Final answer:
We can use mathematical induction to prove the given statement: 1/2 +...+ 1/2ⁿ = 2ⁿ-1/2ⁿ.
Step-by-step explanation:
We can use mathematical induction to prove the given statement:
Step 1: Base case - Let's check if the statement is true for n = 1.

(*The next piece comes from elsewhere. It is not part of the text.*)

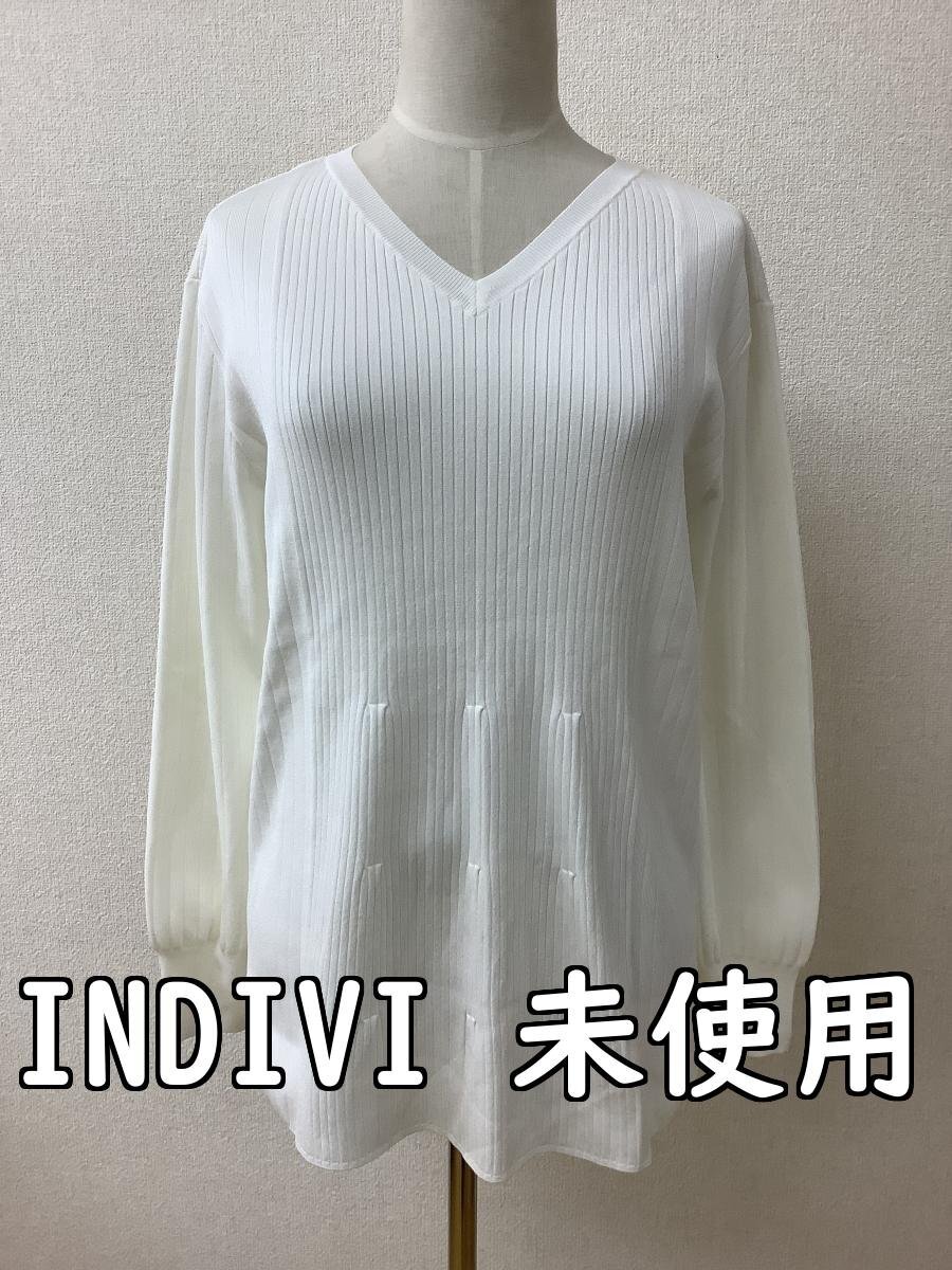 | 管理番号:10^138902 インディヴィ (INDIVI) タグ付き未使用 オフホワイト リブニット 表示サイズ:38 実寸(参考)
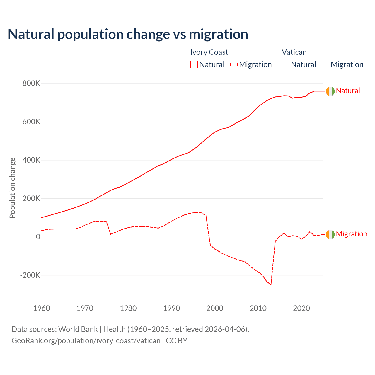 - For the last 10 years, Ivory Coast has had an average growth rate of +2.65% per year vs +1.9% in the Vatican.

Substituting n = 1 into the given expression, we get:
1/2 = 2^1-1/2^1 = 1/2
So, the base case holds.
Step 2: Inductive step - Assume that the statement is true for some positive integer k, i.e.,
1/2 + ... + 1/2^k = 2^k-1/2^k
Now, we need to prove that the statement is true for k+1:
1/2 + ... + 1/2^k + 1/2^(k+1) = 2^(k+1)-1/2^(k+1)
To prove this, we can rewrite the expression on the left-hand side as:
2^k-1/2^k + 1/2^(k+1)
Combining the fractions, we get:
(2^k-1 * 2)/(2^k * 2)
Simplifying, we have:
(2^(k+1)-2)/(2^(k+1))
Which is equal to:
2^(k+1)-1/2^(k+1)
Thus, the statement holds for k+1 as well.
Therefore, by the principle of mathematical induction, the statement holds for all positive integers n.